Images in the data are to be skipped, while every line is restated exactly as written.

> **Supplied data**
▼▼▼

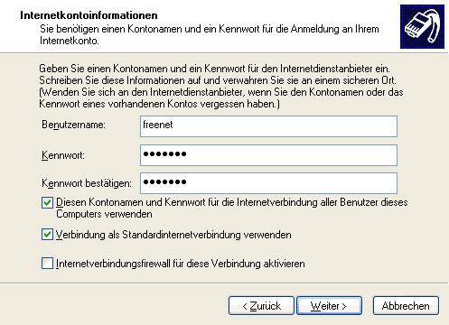 einrichten möchte und ob die Verbindungsfirewall aktiviert werden
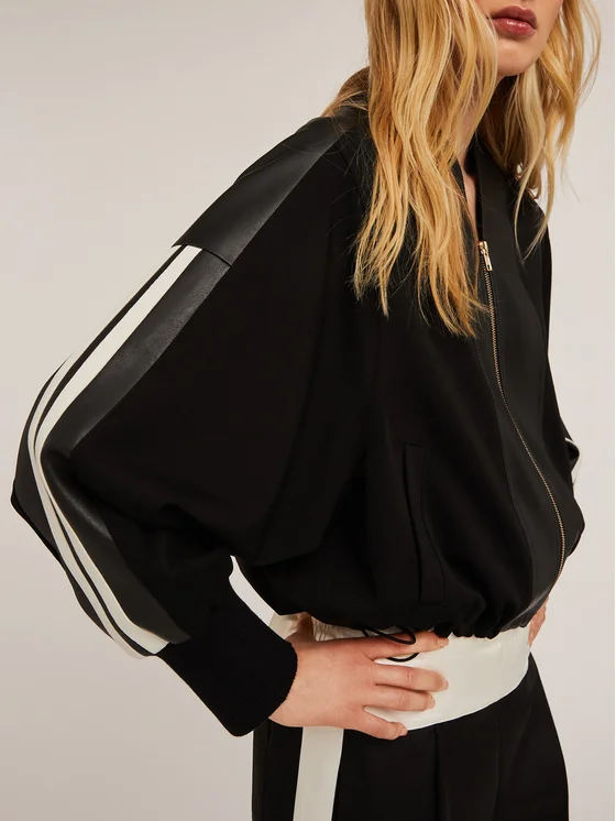 Bomber in tessuto tecnico ed inserti in tessuto spalmato; apertura frontale con scollatura a v e zip metallica; maniche lunghe ampie con banda laterale e polsino a coste, coulisse regolabile sul fondo
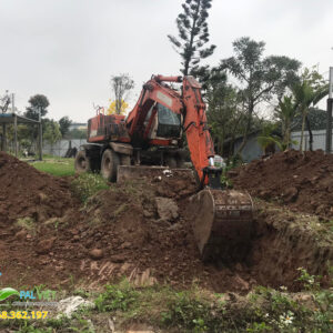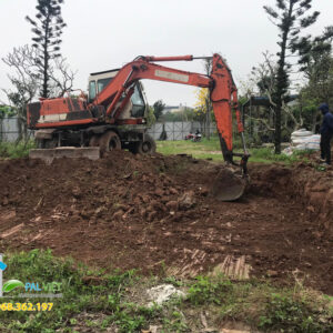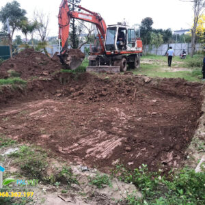 Quá trình đào đất đo đạc tạo hình cho hồ koi.

▲▲▲

> **Output below**
 einrichten möchte und ob die Verbindungsfirewall aktiviert werden
 Bomber in tessuto tecnico ed inserti in tessuto spalmato; apertura frontale con scollatura a v e zip metallica; maniche lunghe ampie con banda laterale e polsino a coste, coulisse regolabile sul fondo
 Quá trình đào đất đo đạc tạo hình cho hồ koi.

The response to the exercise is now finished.